___ STORED DATA

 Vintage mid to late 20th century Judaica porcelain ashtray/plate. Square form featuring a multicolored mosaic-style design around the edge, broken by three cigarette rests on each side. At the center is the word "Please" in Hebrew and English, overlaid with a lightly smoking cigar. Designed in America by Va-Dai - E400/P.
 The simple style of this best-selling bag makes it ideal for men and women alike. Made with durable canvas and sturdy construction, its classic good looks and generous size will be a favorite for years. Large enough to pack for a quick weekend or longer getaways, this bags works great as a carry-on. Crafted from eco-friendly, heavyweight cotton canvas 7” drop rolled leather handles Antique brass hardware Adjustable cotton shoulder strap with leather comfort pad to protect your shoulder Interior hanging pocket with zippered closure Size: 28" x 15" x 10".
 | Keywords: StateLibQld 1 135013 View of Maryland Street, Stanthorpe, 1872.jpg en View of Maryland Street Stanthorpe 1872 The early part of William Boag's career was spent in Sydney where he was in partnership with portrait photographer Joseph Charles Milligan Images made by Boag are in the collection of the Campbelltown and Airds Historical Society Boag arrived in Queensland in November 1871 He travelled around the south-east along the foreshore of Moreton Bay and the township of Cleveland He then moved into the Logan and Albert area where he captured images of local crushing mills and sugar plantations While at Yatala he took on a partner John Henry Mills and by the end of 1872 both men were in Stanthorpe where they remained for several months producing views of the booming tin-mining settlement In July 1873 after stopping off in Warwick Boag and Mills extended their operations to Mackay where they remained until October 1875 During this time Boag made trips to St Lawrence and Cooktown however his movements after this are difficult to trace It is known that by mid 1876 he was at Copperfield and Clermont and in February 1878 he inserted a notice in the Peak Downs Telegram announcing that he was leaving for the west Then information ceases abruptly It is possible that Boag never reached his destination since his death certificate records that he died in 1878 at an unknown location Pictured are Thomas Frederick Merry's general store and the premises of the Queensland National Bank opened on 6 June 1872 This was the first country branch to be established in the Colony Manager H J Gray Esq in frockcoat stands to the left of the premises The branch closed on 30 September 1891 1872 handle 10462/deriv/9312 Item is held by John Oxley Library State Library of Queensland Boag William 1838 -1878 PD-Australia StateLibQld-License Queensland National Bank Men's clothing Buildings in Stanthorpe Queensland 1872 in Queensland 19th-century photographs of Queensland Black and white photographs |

______

TASK OBJECTIVE —
All lines from the opening of the listing above through the line that contains "The simple style" should be given again exactly, and nothing more.

EXERCISE RESPONSE —
 Vintage mid to late 20th century Judaica porcelain ashtray/plate. Square form featuring a multicolored mosaic-style design around the edge, broken by three cigarette rests on each side. At the center is the word "Please" in Hebrew and English, overlaid with a lightly smoking cigar. Designed in America by Va-Dai - E400/P.
 The simple style of this best-selling bag makes it ideal for men and women alike. Made with durable canvas and sturdy construction, its classic good looks and generous size will be a favorite for years. Large enough to pack for a quick weekend or longer getaways, this bags works great as a carry-on. Crafted from eco-friendly, heavyweight cotton canvas 7” drop rolled leather handles Antique brass hardware Adjustable cotton shoulder strap with leather comfort pad to protect your shoulder Interior hanging pocket with zippered closure Size: 28" x 15" x 10".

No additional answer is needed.